*** Provided records ***
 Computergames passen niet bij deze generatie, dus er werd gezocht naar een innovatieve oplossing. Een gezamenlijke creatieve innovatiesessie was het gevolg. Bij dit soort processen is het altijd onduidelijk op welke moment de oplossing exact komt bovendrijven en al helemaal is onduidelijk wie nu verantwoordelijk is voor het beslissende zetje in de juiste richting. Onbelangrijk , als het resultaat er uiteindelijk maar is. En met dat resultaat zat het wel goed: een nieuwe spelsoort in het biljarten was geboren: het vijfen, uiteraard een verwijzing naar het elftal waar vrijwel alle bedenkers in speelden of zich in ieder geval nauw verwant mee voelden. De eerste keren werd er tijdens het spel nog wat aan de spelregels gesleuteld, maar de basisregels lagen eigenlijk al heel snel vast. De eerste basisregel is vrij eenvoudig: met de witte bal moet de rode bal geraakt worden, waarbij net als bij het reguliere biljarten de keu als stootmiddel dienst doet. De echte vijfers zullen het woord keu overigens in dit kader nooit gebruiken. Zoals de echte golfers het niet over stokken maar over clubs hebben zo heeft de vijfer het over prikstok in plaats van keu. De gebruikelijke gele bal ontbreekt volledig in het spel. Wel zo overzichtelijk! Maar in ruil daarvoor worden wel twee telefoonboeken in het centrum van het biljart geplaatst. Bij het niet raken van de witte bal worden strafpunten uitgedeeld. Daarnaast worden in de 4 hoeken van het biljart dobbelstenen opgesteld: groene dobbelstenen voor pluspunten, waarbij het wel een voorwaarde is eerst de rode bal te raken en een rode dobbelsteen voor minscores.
*** End of Provided records ***
*** Provided records ***
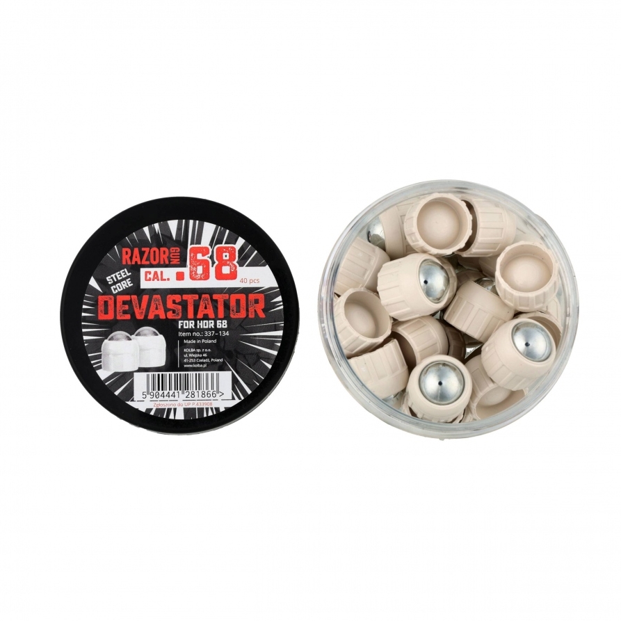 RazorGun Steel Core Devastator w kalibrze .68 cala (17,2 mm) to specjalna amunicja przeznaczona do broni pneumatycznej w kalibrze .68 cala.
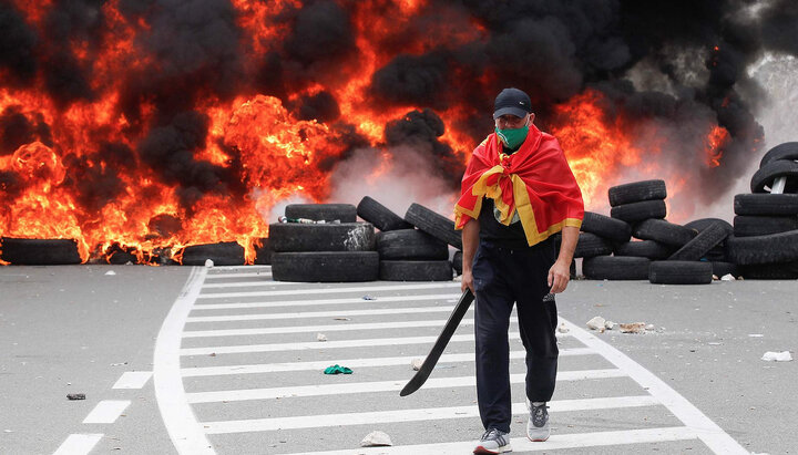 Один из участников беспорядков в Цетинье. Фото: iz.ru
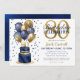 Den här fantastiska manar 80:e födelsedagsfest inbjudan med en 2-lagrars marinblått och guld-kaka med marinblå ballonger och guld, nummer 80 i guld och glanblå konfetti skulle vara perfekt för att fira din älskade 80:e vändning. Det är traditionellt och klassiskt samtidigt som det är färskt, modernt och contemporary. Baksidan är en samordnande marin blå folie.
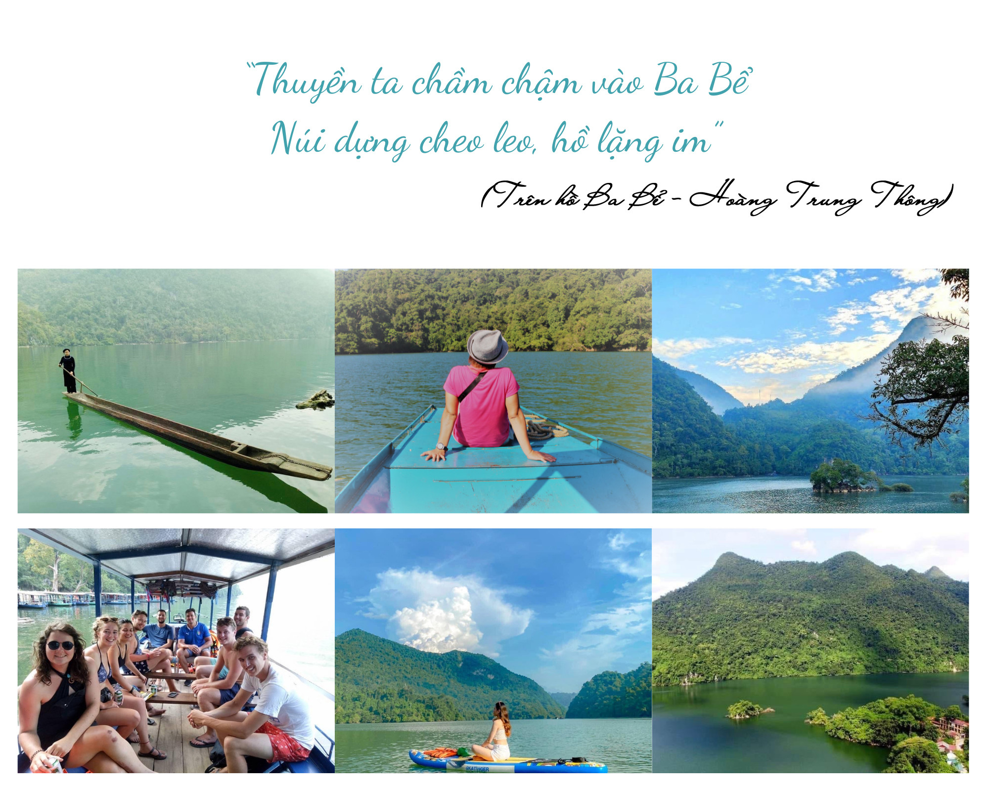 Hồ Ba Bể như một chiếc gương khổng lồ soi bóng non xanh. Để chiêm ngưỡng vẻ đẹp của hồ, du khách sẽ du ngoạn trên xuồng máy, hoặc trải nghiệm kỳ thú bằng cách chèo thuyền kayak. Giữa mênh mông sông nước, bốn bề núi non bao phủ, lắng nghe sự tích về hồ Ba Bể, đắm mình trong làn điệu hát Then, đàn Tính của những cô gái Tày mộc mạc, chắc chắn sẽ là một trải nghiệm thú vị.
*** End of Provided records ***
*** Provided records ***
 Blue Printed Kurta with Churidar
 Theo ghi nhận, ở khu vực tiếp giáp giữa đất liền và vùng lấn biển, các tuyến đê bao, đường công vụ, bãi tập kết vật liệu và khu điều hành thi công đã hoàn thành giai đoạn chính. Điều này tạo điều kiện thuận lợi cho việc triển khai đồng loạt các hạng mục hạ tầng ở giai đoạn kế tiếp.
*** End of Provided records ***
Exercise =
Output exactly the stretch of the listing that begins at the line containing "RazorGun Steel Core" and ends at the line containing "Один из участников", both kept. Omit pictures and everything else.

Written response =
 RazorGun Steel Core Devastator w kalibrze .68 cala (17,2 mm) to specjalna amunicja przeznaczona do broni pneumatycznej w kalibrze .68 cala.
 Один из участников беспорядков в Цетинье. Фото: iz.ru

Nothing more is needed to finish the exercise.